• Exercise: Below are some records. Write out exactly their lines from the one with "焦点距離7mmの時点では花形" through the one with "商品名称:蓓琳娜/BELLINA PDO特级初榨橄榄油1000m l 西班牙原装进口", and leave the pictures behind.

• Input material:

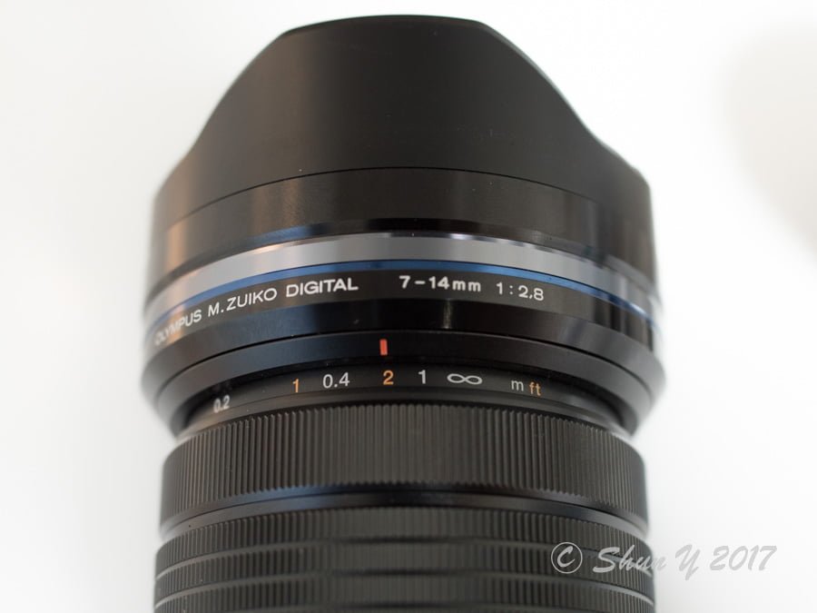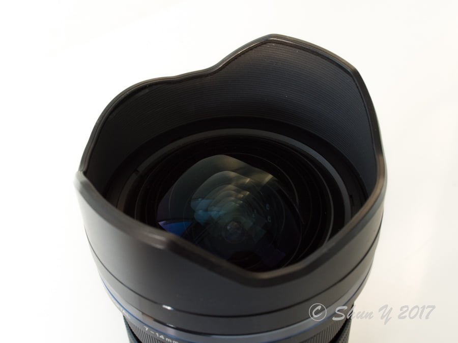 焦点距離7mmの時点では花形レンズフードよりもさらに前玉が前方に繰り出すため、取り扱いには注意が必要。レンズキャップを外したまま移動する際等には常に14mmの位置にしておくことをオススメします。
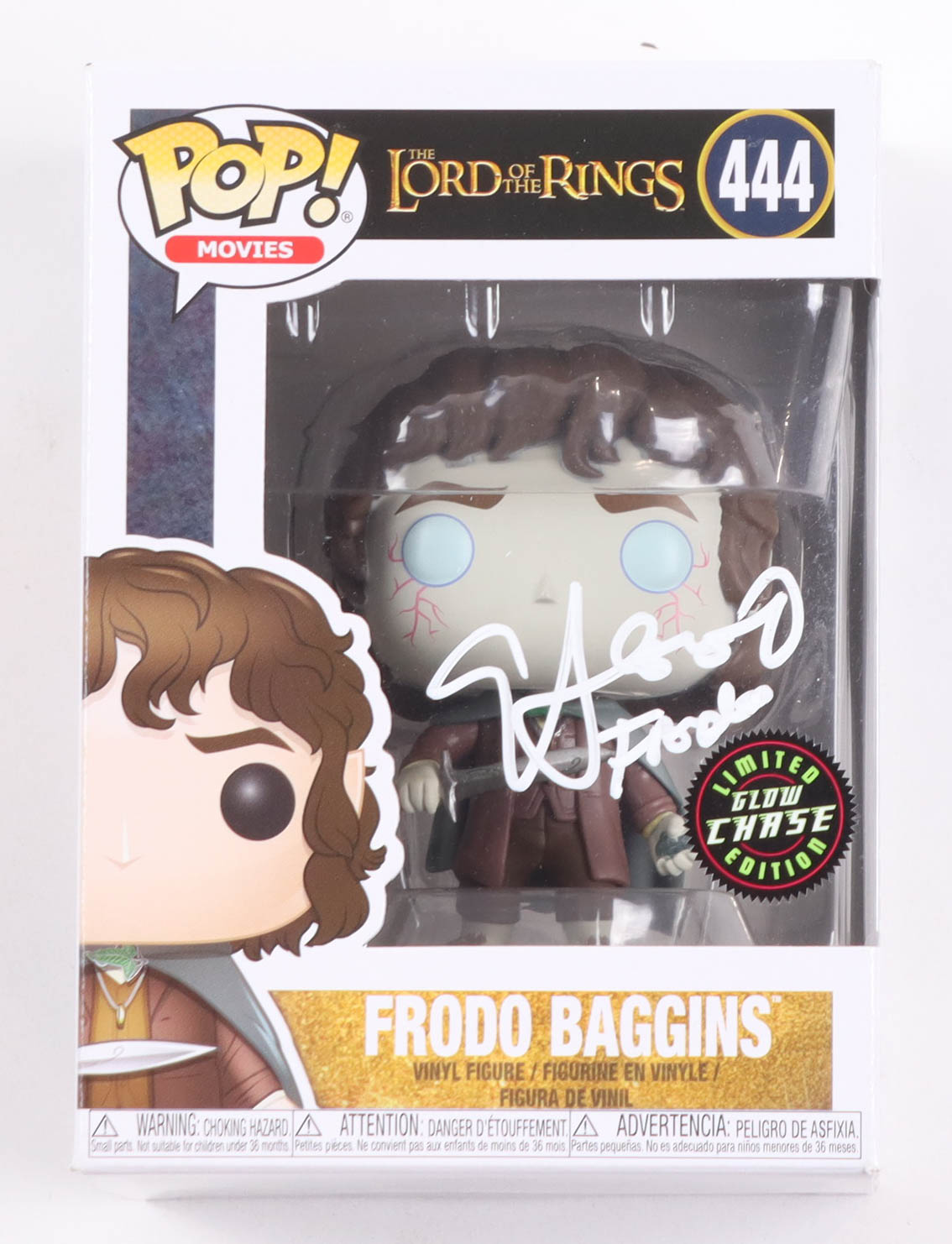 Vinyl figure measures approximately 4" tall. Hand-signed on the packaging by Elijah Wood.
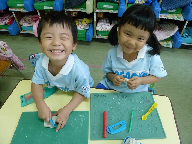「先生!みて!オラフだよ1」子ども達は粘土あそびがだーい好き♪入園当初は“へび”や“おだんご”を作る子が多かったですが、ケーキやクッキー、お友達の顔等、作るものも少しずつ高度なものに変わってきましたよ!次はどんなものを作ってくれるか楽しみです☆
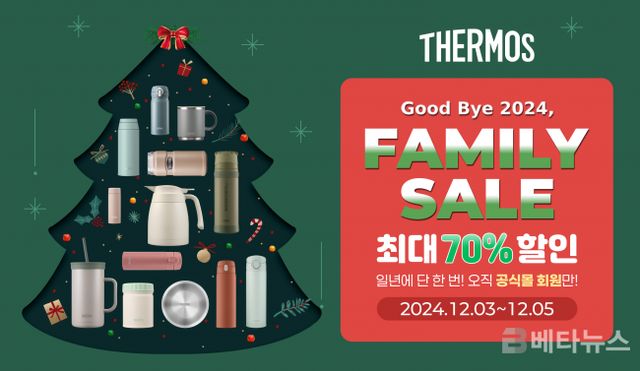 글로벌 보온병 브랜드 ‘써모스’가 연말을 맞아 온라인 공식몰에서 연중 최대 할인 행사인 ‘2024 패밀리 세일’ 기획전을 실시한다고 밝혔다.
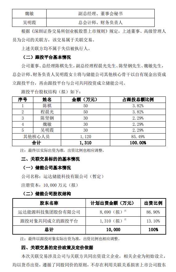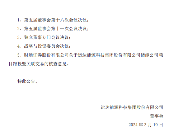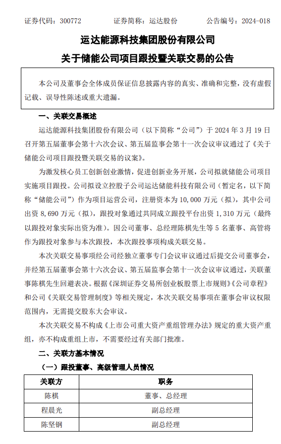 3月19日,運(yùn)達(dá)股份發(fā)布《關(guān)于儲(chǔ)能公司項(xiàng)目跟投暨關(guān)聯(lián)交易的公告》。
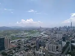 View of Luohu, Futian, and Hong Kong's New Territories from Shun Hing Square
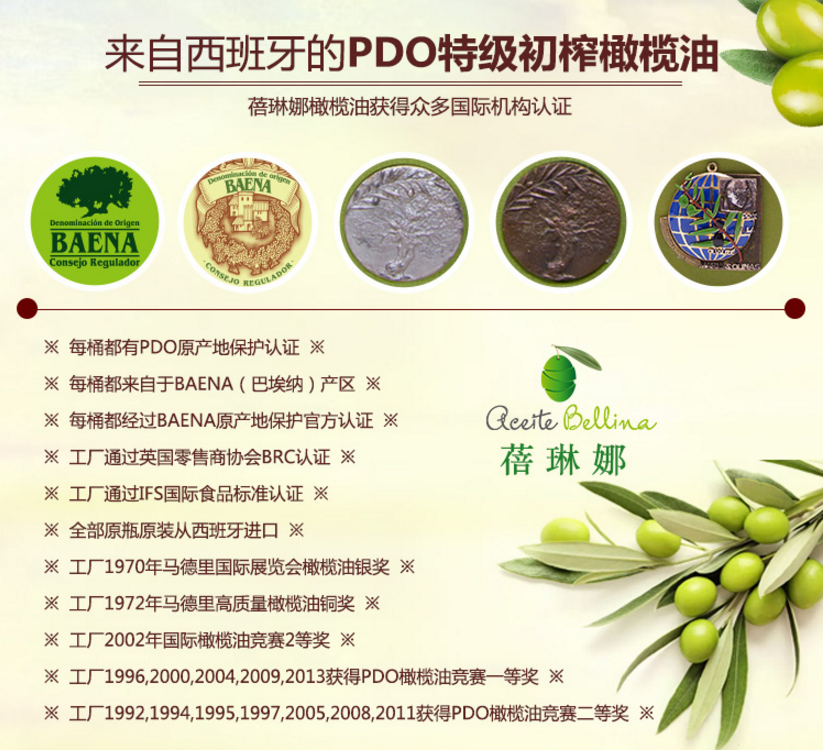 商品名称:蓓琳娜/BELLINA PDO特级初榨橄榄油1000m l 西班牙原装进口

* * *

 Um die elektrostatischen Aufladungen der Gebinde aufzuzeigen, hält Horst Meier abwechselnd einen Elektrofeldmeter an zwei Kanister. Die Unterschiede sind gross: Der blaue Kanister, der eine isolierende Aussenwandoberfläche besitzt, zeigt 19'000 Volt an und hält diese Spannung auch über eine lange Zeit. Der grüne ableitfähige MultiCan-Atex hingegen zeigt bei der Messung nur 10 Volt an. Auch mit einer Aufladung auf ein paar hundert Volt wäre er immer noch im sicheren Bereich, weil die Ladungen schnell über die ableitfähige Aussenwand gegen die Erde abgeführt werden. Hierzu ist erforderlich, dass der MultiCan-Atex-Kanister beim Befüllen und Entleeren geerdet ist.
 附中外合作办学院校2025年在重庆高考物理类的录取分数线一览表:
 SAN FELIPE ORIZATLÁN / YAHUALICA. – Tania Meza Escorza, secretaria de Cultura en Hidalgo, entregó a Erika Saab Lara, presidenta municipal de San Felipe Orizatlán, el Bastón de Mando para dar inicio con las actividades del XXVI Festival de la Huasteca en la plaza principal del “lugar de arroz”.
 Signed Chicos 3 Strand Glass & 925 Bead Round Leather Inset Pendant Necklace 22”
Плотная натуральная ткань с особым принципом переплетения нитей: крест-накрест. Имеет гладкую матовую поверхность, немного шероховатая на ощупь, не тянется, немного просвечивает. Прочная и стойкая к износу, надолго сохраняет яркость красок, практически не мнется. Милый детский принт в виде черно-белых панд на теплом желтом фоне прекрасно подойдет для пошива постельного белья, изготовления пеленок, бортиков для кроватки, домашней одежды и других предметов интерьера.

---

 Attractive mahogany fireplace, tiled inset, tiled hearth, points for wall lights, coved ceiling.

• Solution to this exercise:
 焦点距離7mmの時点では花形レンズフードよりもさらに前玉が前方に繰り出すため、取り扱いには注意が必要。レンズキャップを外したまま移動する際等には常に14mmの位置にしておくことをオススメします。
 Vinyl figure measures approximately 4" tall. Hand-signed on the packaging by Elijah Wood.
「先生!みて!オラフだよ1」子ども達は粘土あそびがだーい好き♪入園当初は“へび”や“おだんご”を作る子が多かったですが、ケーキやクッキー、お友達の顔等、作るものも少しずつ高度なものに変わってきましたよ!次はどんなものを作ってくれるか楽しみです☆
 글로벌 보온병 브랜드 ‘써모스’가 연말을 맞아 온라인 공식몰에서 연중 최대 할인 행사인 ‘2024 패밀리 세일’ 기획전을 실시한다고 밝혔다.
 3月19日,運(yùn)達(dá)股份發(fā)布《關(guān)于儲(chǔ)能公司項(xiàng)目跟投暨關(guān)聯(lián)交易的公告》。
 View of Luohu, Futian, and Hong Kong's New Territories from Shun Hing Square
 商品名称:蓓琳娜/BELLINA PDO特级初榨橄榄油1000m l 西班牙原装进口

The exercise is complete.